Professor of physics

Mary B. James is an American physicist and educator. She is the Dean for Institutional Diversity and the A. A. Knowlton Professor of Physics at Reed College. James specializes in particle physics and accelerators.

== Early life and education ==
James' father was one of the Tuskegee Airmen. She earned a bachelor's in physics at Hampshire College in 1976. She completed a PhD in accelerator physics at Stanford University in 1986. She worked at SLAC National Accelerator Laboratory, designing high current electron injectors for the linear collider. She studied the longitudinal bunching of transrelativistic electron beams in high space charge forces and longitudinal wake fields. At SLAC National Accelerator Laboratory she also contributed to the polarized electron injector (PEGGY).

== Research and career ==
In 1977 James worked with Dr. R. H. Miller to design a new focusing system for SLAC's position source. In 1987 James joined University of Maryland, College Park as an assistant professor in electrical engineering. Soon thereafter she moved to Portland, Oregon, to join the faculty of the department of physics at Reed College, where she has been a faculty member since in 1988. At Reed, James has taught broadly across the physics curriculum. In 1991 she was in Stanford, California working for Stanford Linear Accelerator Center (SLAC), on a Special Projects Group.

James has been an advocate for women and minority students throughout her career. In 2013 James was announced as Dean for Institutional Diversity at Reed College. She is on the leadership team of the Liberal Arts Diversity Officers consortium. The consortium looks at how faculty can navigate incidents of bias, and develops ways to change the structure and allow them to thrive. James contains a hard core belief that the physics department should adopt a more welcoming environment for people of color, specifically African Americans in order grow the diversity in the physics community. She has served as a member and chair for the American Physical Society committee on Minorities in Physics.

She established Reed College's Center for Teaching and Learning, which looks to attract and retain women, first generation students and people of color in STEM majors. She is concerned that underrepresented minority students feel isolated on campus, and that faculty of colour invest time in mentoring for minority students which distract from the tenure process.
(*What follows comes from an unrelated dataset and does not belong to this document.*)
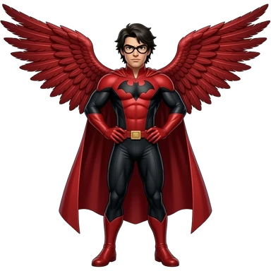 Danny Ramirez as the new Falcon in Captain America: Brave New World, wearing a sleek, high-tech red, white, and silver suit with aerodynamic wings. His expression is determined and heroic, ready for action. The background features a dramatic sky, highlighting his flying abilities emoji

When classes at Reed College were cancelled due to student protests over a curriculum that was "too white, male and Eurocentric", Reed appeared on public radio and national media emphasizing the need for inclusive pedagogy. As a teacher, she creates an active learning environment which makes students recognize physics does not only need straight A students.

Working with the American Institute of Physics she launched TEAM UP in April 2018, a Task Force to Elevate African American Representation in Undergraduate Physics & Astronomy. The program involved a survey, site visits and evidence-based recommendations with pilot schools. The report from the Task Force appeared in spring 2020 and identifies a number of the factors responsible for the success of African American students in physics and astronomy along with research-based recommendations for faculty and institutions to increase the representation of African Americans in these fields. The key barriers cited in the report included financial burdens, departmental culture and 'physics identity' and belonging. Comments and updates on the results of this task force have recently been published.

==Recognition==
James was named a Fellow of the American Physical Society (APS) in 2021, after a nomination from the APS Forum on Physics and Society, "for outstanding contributions to improving access, inclusion, equity, and mentorship in physics, including as co-chair of the TEAM-UP Task Force, speaking at CUWiP conferences, and as Dean for Institutional Diversity at Reed College".